NEW YORK (Reuters) – Bond insurer Ambac Financial Group Inc said on Wednesday it plans to sell at least $1.5 billion of stock and convertible securities, to help preserve the top-tier credit ratings critical for its main insurance business.
New capital would give the second-largest U.S. bond insurer more funds to cover the billions of dollars of claims it could face after insuring subprime mortgage bonds and other risky debt.
But investors were disappointed in the news, because to some it signaled that banks were not committing their own funds to help rescue Ambac, after weeks of negotiations.
“It looks like they had a close look at what was going on at Ambac, and they backed away. Things may be bad there,” said Peter Kovalski, portfolio manager at Alpine Woods Capital Investors, which owns Ambac shares.

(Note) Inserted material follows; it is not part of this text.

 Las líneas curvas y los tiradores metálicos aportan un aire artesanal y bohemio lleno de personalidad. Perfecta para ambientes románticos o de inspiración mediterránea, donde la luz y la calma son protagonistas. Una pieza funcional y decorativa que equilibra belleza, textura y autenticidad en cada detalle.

Ambac’s shares fell 13.1 percent in afternoon trading on the New York Stock Exchange to $9.32. The shares have fallen about 90 percent since the start of 2007.

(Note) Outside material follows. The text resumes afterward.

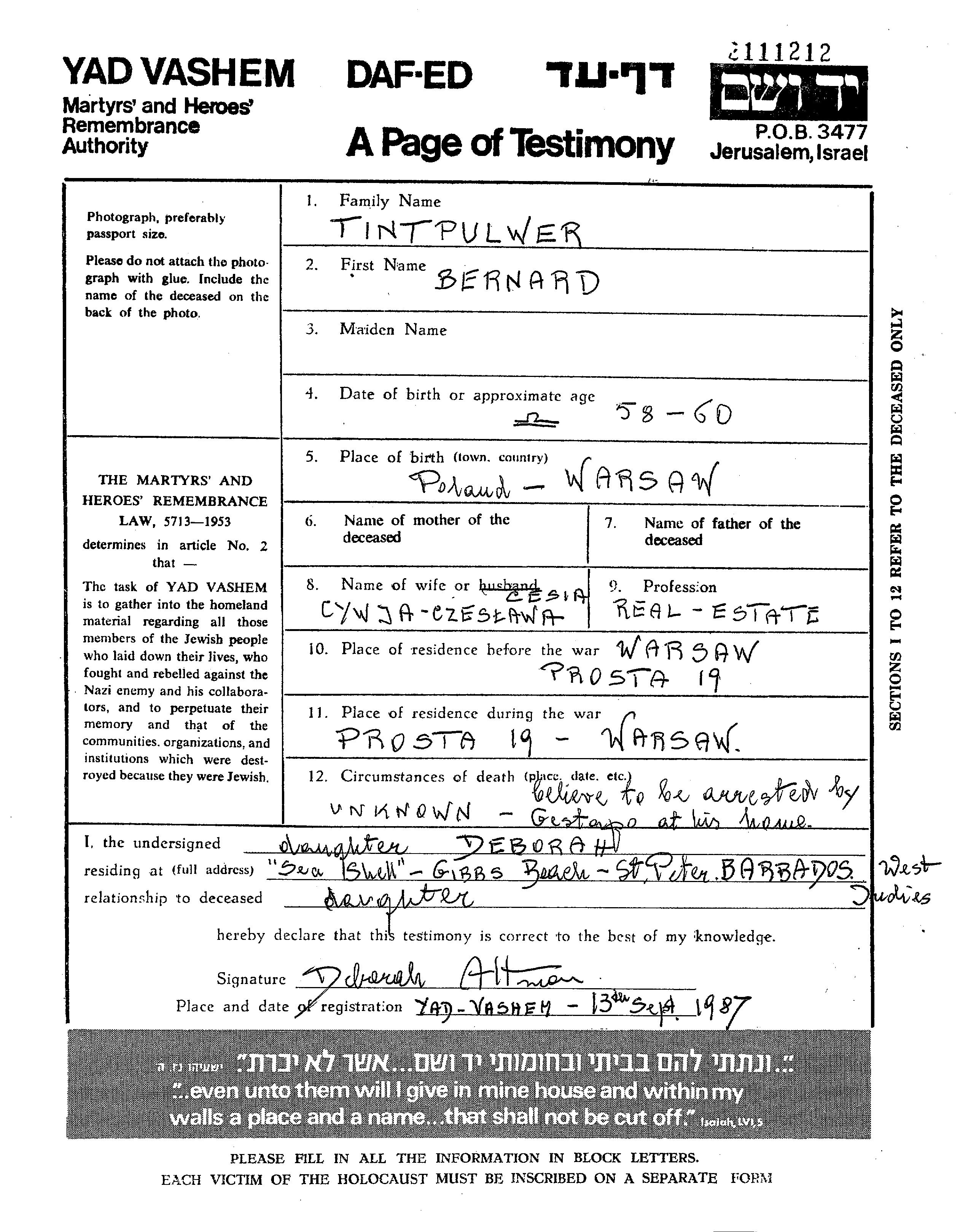 Bernard Tintpulwer wurde in Warszawa, Polen geboren. Er war Angestellte/r in der immobilienbranche und mit Cesia Cywja Verheiratet. Vor dem Zweiten Weltkrieg lebte er in Warszawa, Polen. Während des Krieges war er in Warszawa, Polen.

Ambac said it was launching offerings of at least $1 billion of common stock and at least $500 million of equity units.
Ambac is making other moves to strengthen capital, including slashing its dividend and suspending selling new insurance on repackaged debt known as “structured finance.”
“We expect to be better positioned to take advantage of the current favorable market environment for credit enhancement,” Chief Executive Michael Callen said in a statement.
Boosting capital levels is meant to help Ambac’s main unit, Ambac Assurance, retain its top credit ratings.
Fitch Ratings has already stripped the Ambac Assurance Corp unit of its “AAA” ratings, and said on Wednesday that raising another $1.5 billion would help Ambac Assurance remain at its “AA” level.
Moody’s Investors Service and Standard & Poor’s said that if Ambac raised the additional capital, they would likely affirm Ambac Assurance’s “triple-A” ratings.
Even if S&P affirmed its ratings for Ambac Assurance, the agency said it might leave the company on “negative” outlook, reflecting the potential for more mortgage market deterioration.